Include the line with "Materials: These gorgeous" and every line before it in the entries below, echoed exactly, but not the pictures.

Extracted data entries

——————————

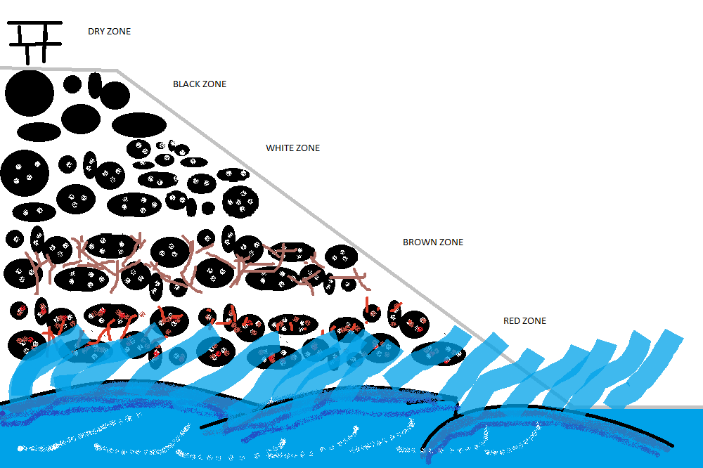 I think the most variety is in the White, and brown zone because it has all sortrs of animals like green crabs, side swimmrs, lobsters, limpet and many more!
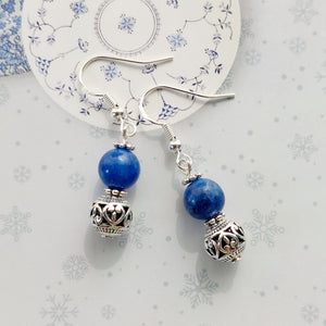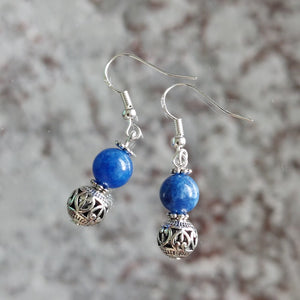 Materials: These gorgeous handmade earrings are made of natural blue Kyanite rounded beads with beautiful silver charm and 925 sterling silver ear hooks.
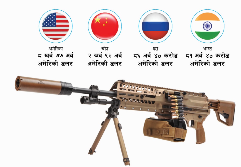काठमाडाैं । ३० वर्षयता युरोपको पनि सैन्य खर्च बढेको छ । रुस–युक्रेन युद्धपछि युरोपले सैन्य खर्च १३ प्रतिशत बढाएको छ । २०२२ मा विश्वमा कुल सैन्य खर्च ३.७ प्रतिशतले बढेको छ । स्टकहोम इन्टरनेसनल पिस रिसर्च इन्स्टिच्युट…
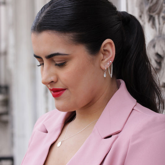 Regular price£0.00Sterling Silver 22mm Hoop Earrings with Chevron Cut Ball Beads
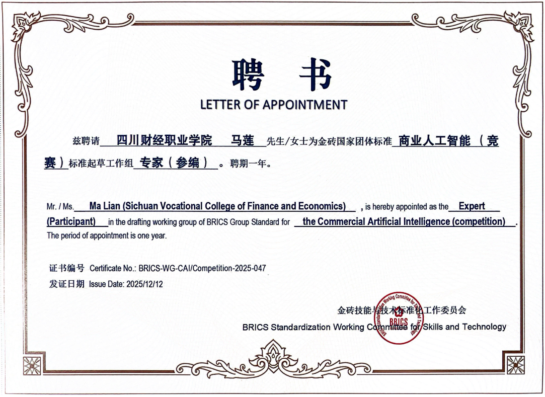 我院大数据技术教研室主任马莲受邀参与此次高水平国际会议,并凭借深厚的专业积淀与丰富的教学实践经验,成功受聘为金砖国家团体标准“商业人工智能”标准起草工作组专家,更标志着大数据技术专业正式跻身金砖国家技能标准化建设的国际协作网络,为专业国际化建设迈出了具有开创性意义的第一步。
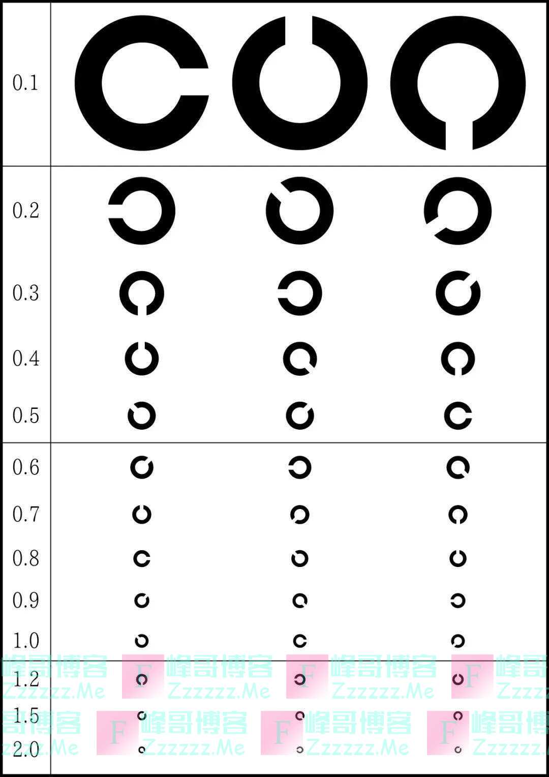 平时我们测视力的时候,基本用的都是这种画满了各种方向E的表。
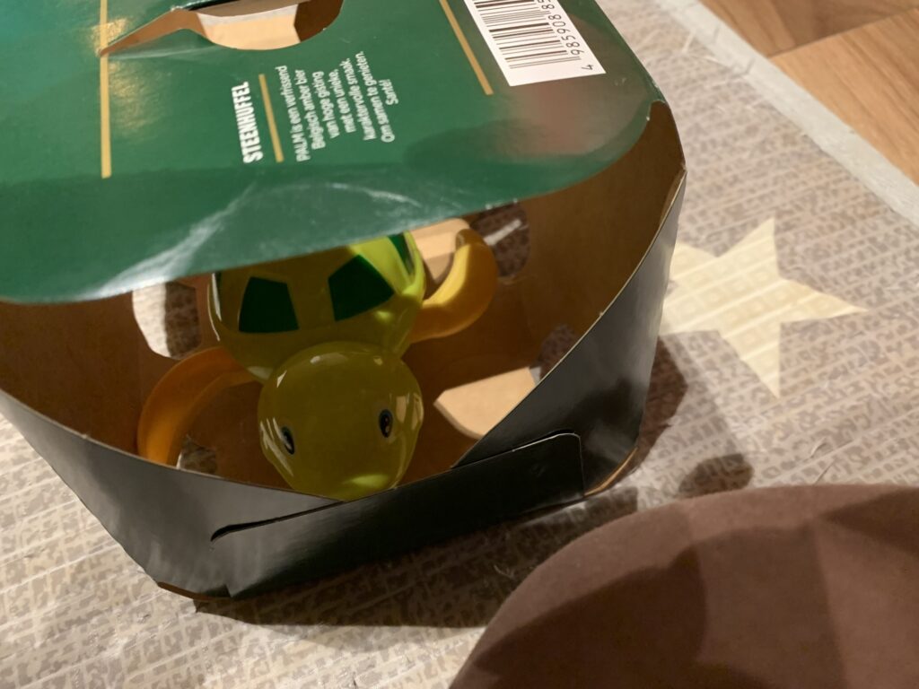 保育園から帰宅した妻と娘はリビングで一息つき、カメさんで遊んでいた。妻はそのまま夕飯の支度に取り掛かり、娘はそのまま一人遊びへ。おままごとにハマっている娘はカメさんのお家が欲しくなり、雑紙の中からビールのパッケージを発見。お家に見立てて遊んでいるうちにご飯が完成。そこに私が帰宅。

——————————

## OUTPUT FOR THIS EXERCISE
 I think the most variety is in the White, and brown zone because it has all sortrs of animals like green crabs, side swimmrs, lobsters, limpet and many more!
 Materials: These gorgeous handmade earrings are made of natural blue Kyanite rounded beads with beautiful silver charm and 925 sterling silver ear hooks.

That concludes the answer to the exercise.